Но столь категорично переносить это представление на Новгород — опрометчиво. Сохранился, например, «Устав Ярослава князя о мостех» (то есть о замощении Новгорода). Этому закону придавалось значение государственного, он входил в сборники основных законов и позднее, в XIV и XV веках. «Устав» подробнейшим образом перечисляет, кому о какой улице надлежит заботиться, и никому не дает освобождения от этой повинности: ни Прусской улице, где жили по большей части бояре, ни самому владыке — новгородскому архиепископу («А владыке сквозе городняя ворота… до Острой городне»), ни тысяцкому, ни посаднику, ни иноземным купцам, ставившим свои дворы в Новгороде, ни, наконец, даже князю («от Великого ряда князю [мостить улицу] до Немечкого вымола [пристани]»).
Да и сами улицы были не какие-то щели, куда не проникает солнце даже в полдень и где не разъехаться двум повозкам (такие сохранились во многих средневековых городах на Западе, да и у нас в стране, — скажем, во Львове, Риге, Ереване, Таллине, Вильнюсе, Бухаре и кое-где еще). Не в пример всем этим городам и им подобным, улицы Новгорода были широки. До раскопок на Дмитриевской это можно было только предполагать — по былине о Ваське Буслаеве, где однажды говорится о широких улицах Новгорода. Но теперь это просто видно.
Вот на дне раскопа очищена такая мостовая шестиметровая. Это бывшая Холопья улица. Я как раз опустился на ее настил.
И сразу же был гневно атакован начальником участка — молодым аспирантом с бронзовым лицом и в распахнутой ковбойке:
— Что вы делаете?!
— Ничего! — искренне удивился я. — Впрочем, ищу Артемия Владимировича Арциховского.

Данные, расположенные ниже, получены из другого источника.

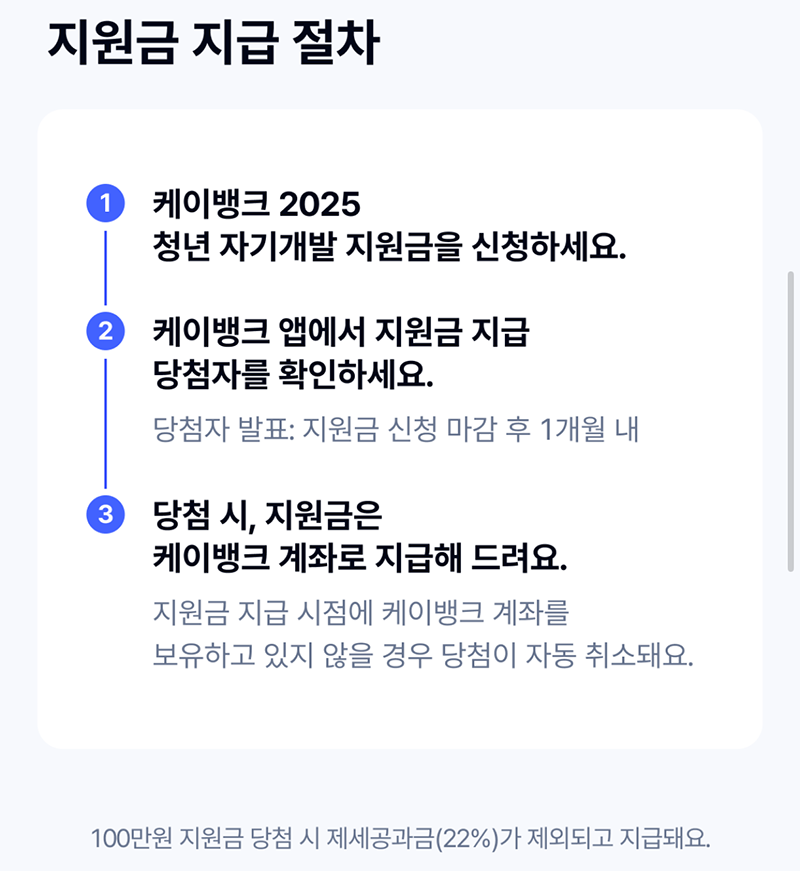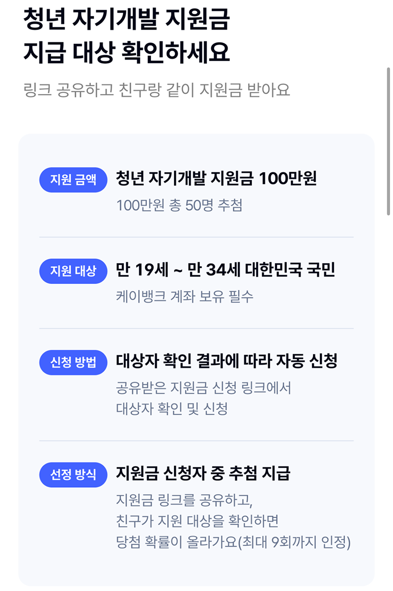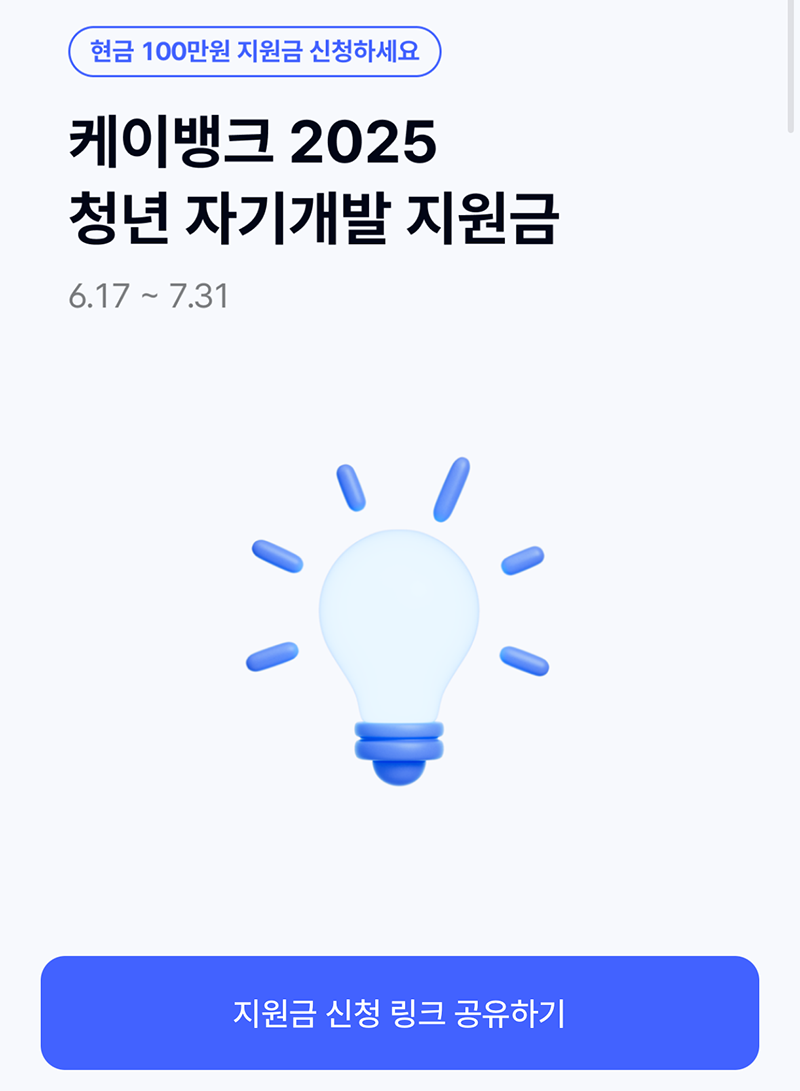 얼마 전에 스레드를 통해 알게 된 케이뱅크 청년 자기개발 지원금 100만 원도 대표적인 이벤트 중 하나다.

— Как же вы смели стать на настил?
— Простите, а что ему сделается?
Но начальник участка так яростно махал руками, что я предпочел сойти в месиво грязи. Беда с воинственными археологами, особенно молодыми: они всегда подозревают посторонних в недостатке должного уважения к их науке и их персональным трудам! А я тем более ступил, кажется, на тему его будущей диссертации…
Что ж, ему будет о чем писать. Расчищенная Холопья улица — живое опровержение домыслов, что Новгород не мог быть чище, благоустроенней и культурней других городов средневековья. Нет, был. Был значительно выше других средневековых городов по своей культуре. И, что еще важнее, культура эта была не поверхностной, а проникла во все поры жизни города, потому что была глубоко народной, подлинно массовой.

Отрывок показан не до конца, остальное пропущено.